**DATASET**
[Start of section]
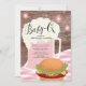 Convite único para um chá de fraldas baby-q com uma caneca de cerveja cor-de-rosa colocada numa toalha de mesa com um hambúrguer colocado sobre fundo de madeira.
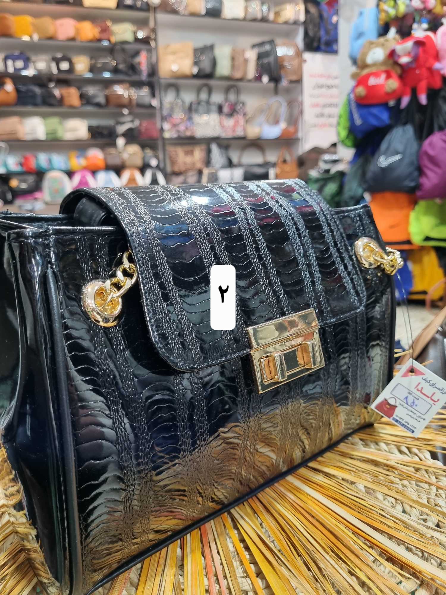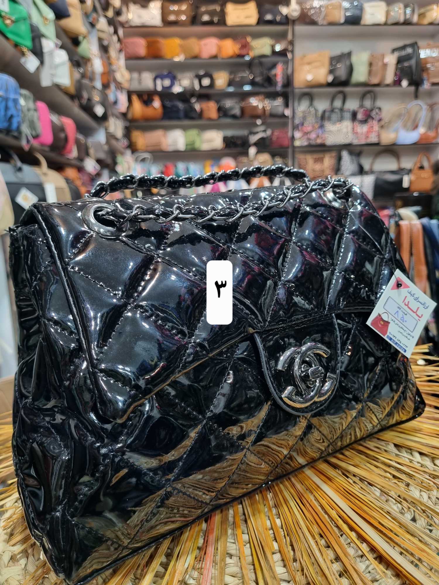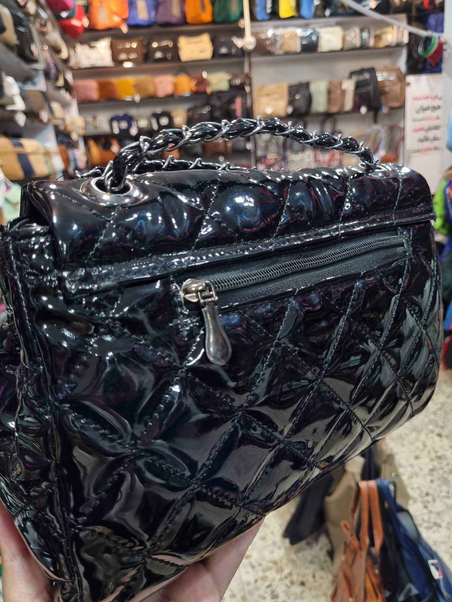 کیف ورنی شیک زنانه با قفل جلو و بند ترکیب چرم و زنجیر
[End of section]
[Start of section]
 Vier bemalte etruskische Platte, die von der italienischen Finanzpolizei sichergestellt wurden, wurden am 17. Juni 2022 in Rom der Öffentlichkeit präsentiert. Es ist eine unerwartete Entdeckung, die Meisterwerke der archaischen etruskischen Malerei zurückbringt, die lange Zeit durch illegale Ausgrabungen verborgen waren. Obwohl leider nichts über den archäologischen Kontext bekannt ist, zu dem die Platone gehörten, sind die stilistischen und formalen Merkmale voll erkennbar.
[End of section]
**EXERCISE DIRECTIONS**
Out of the records above, return only the lines from the one with "Convite único para" through the one with "کیف ورنی شیک", exactly, and none of the pictures.

**ANSWER TO THIS PROBLEM**
 Convite único para um chá de fraldas baby-q com uma caneca de cerveja cor-de-rosa colocada numa toalha de mesa com um hambúrguer colocado sobre fundo de madeira.
 کیف ورنی شیک زنانه با قفل جلو و بند ترکیب چرم و زنجیر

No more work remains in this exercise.